--- Records for the exercise ---
* * * * * * * * *

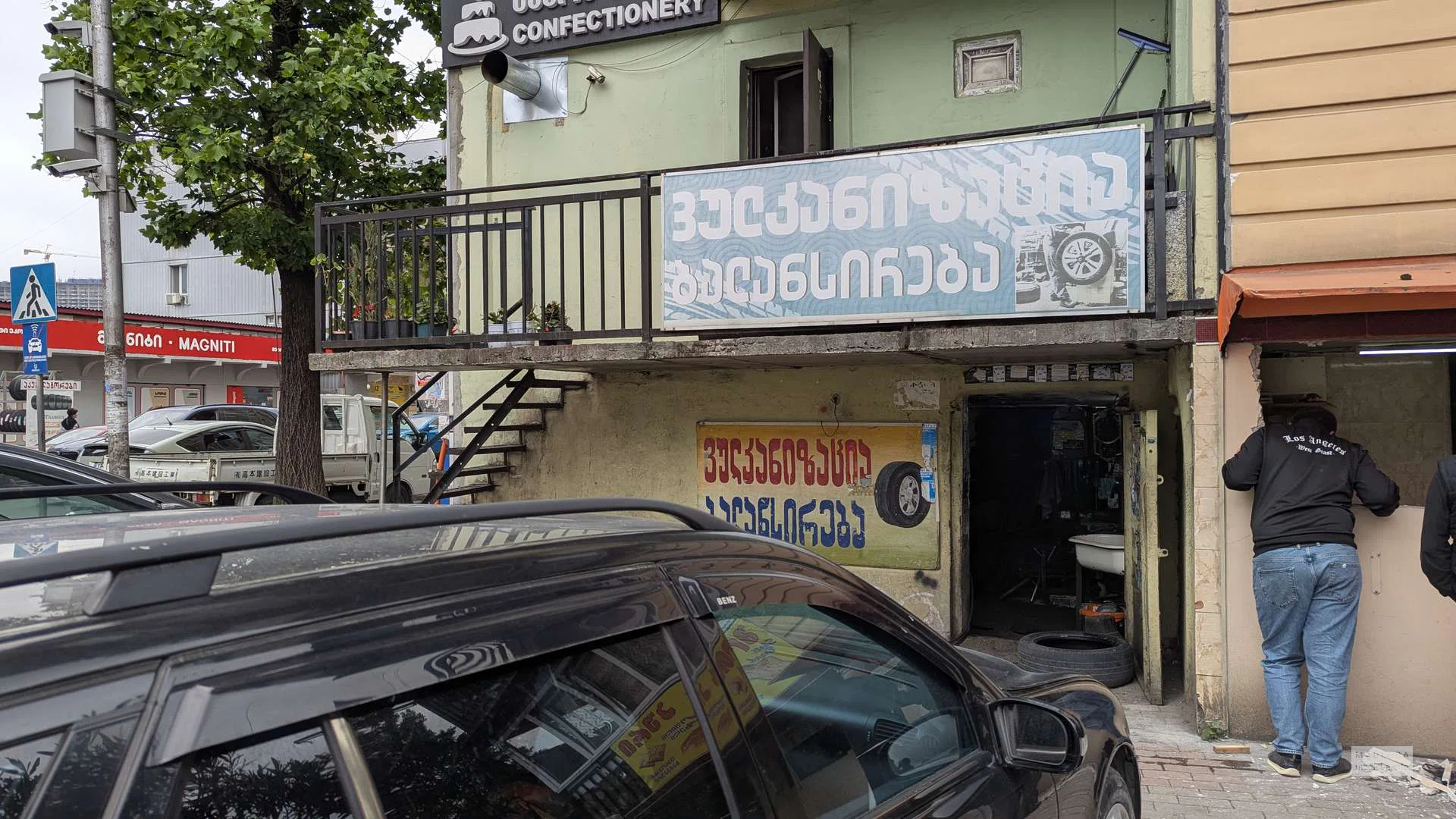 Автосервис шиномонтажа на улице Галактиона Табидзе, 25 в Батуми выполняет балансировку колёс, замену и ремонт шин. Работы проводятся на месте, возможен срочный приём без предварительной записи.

* * * * * * * * *

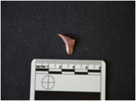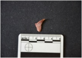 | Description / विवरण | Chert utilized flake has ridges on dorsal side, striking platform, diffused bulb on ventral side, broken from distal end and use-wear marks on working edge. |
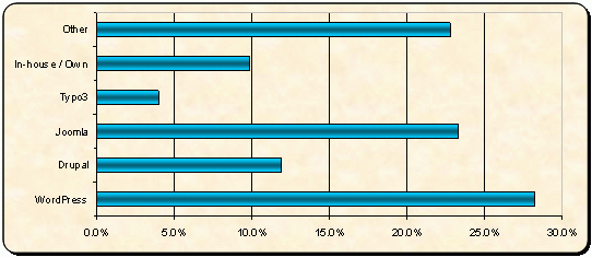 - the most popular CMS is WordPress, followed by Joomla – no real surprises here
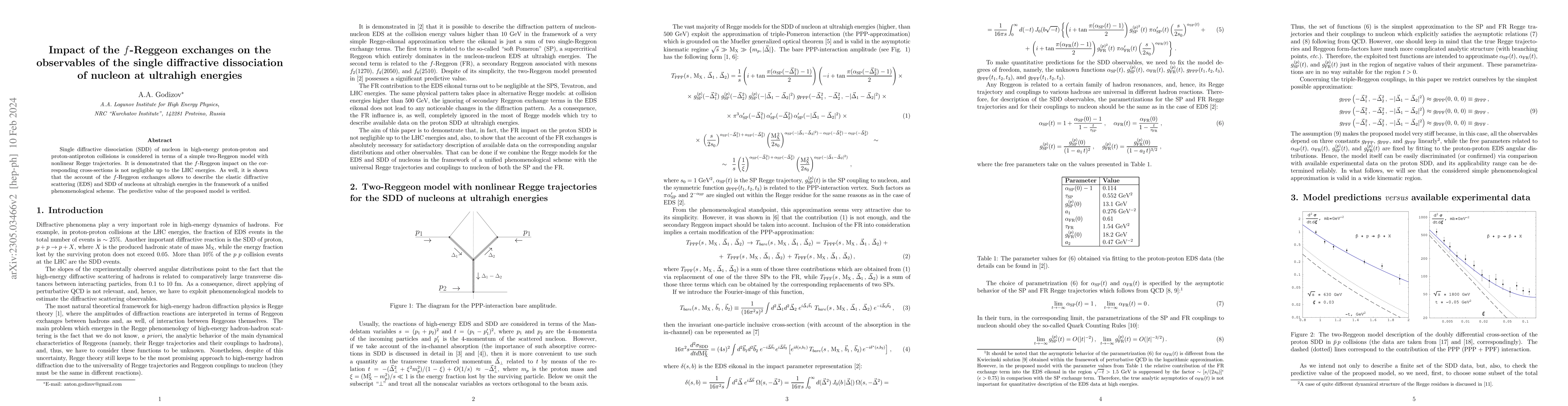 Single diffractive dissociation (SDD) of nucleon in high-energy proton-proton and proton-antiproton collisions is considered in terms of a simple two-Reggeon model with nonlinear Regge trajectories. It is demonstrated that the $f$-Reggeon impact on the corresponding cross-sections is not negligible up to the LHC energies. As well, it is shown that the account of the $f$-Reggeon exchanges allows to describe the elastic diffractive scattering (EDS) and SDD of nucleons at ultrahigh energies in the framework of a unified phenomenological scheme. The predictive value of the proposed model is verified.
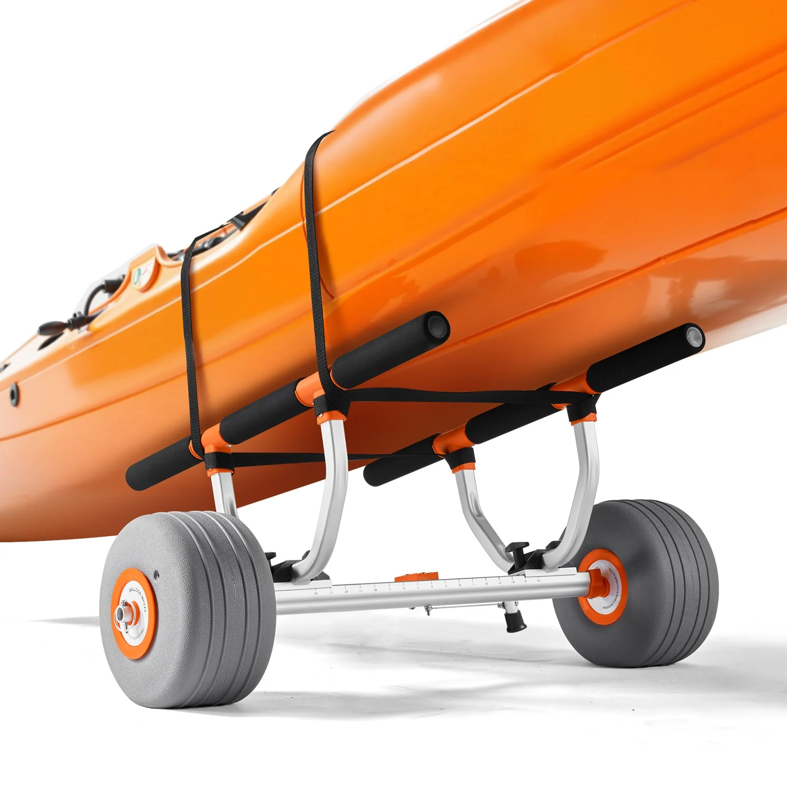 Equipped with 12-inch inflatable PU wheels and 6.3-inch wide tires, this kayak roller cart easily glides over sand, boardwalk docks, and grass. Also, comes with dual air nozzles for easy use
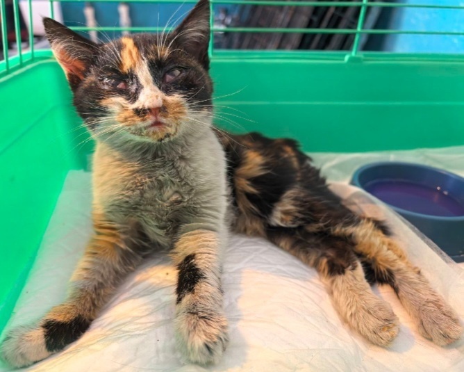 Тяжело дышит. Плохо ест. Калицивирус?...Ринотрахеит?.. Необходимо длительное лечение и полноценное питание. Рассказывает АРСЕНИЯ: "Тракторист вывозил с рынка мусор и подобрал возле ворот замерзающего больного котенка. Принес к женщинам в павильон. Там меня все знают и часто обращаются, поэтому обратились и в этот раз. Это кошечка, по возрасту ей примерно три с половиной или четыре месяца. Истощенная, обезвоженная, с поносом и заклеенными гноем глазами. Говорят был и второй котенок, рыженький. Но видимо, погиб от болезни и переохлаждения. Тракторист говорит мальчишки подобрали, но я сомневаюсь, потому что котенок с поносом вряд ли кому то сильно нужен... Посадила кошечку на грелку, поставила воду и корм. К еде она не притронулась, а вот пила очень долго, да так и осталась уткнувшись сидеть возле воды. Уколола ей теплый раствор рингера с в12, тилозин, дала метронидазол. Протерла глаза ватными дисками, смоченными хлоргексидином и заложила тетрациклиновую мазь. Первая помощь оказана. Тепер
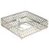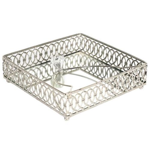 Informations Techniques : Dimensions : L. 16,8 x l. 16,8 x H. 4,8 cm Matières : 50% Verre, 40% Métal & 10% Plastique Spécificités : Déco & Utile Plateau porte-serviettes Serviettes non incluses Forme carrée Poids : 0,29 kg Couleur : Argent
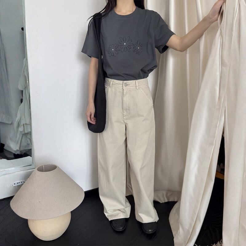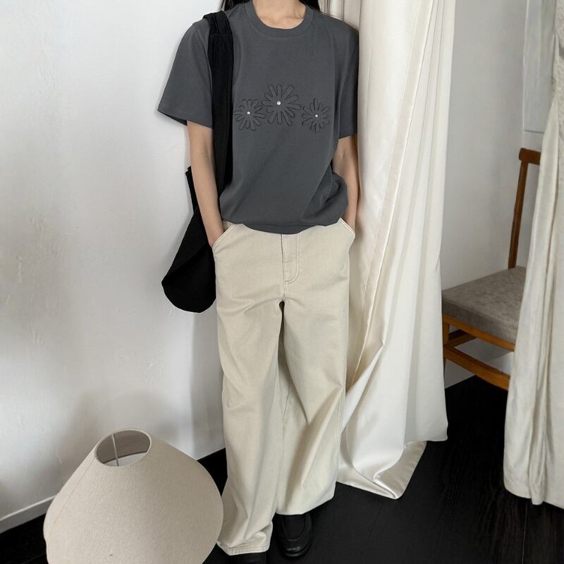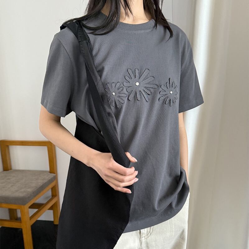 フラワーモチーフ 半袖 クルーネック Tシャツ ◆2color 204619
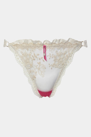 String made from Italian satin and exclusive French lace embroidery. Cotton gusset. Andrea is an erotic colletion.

* * * * * * * * *

--- Work to complete ---
Every line above in the stretch from the one with "Equipped with 12-inch" through the one with "String made from" is to be transcribed exactly, ends included. No picture is copied.

--- Solution below ---
 Equipped with 12-inch inflatable PU wheels and 6.3-inch wide tires, this kayak roller cart easily glides over sand, boardwalk docks, and grass. Also, comes with dual air nozzles for easy use
 Тяжело дышит. Плохо ест. Калицивирус?...Ринотрахеит?.. Необходимо длительное лечение и полноценное питание. Рассказывает АРСЕНИЯ: "Тракторист вывозил с рынка мусор и подобрал возле ворот замерзающего больного котенка. Принес к женщинам в павильон. Там меня все знают и часто обращаются, поэтому обратились и в этот раз. Это кошечка, по возрасту ей примерно три с половиной или четыре месяца. Истощенная, обезвоженная, с поносом и заклеенными гноем глазами. Говорят был и второй котенок, рыженький. Но видимо, погиб от болезни и переохлаждения. Тракторист говорит мальчишки подобрали, но я сомневаюсь, потому что котенок с поносом вряд ли кому то сильно нужен... Посадила кошечку на грелку, поставила воду и корм. К еде она не притронулась, а вот пила очень долго, да так и осталась уткнувшись сидеть возле воды. Уколола ей теплый раствор рингера с в12, тилозин, дала метронидазол. Протерла глаза ватными дисками, смоченными хлоргексидином и заложила тетрациклиновую мазь. Первая помощь оказана. Тепер
 Informations Techniques : Dimensions : L. 16,8 x l. 16,8 x H. 4,8 cm Matières : 50% Verre, 40% Métal & 10% Plastique Spécificités : Déco & Utile Plateau porte-serviettes Serviettes non incluses Forme carrée Poids : 0,29 kg Couleur : Argent
 フラワーモチーフ 半袖 クルーネック Tシャツ ◆2color 204619
 String made from Italian satin and exclusive French lace embroidery. Cotton gusset. Andrea is an erotic colletion.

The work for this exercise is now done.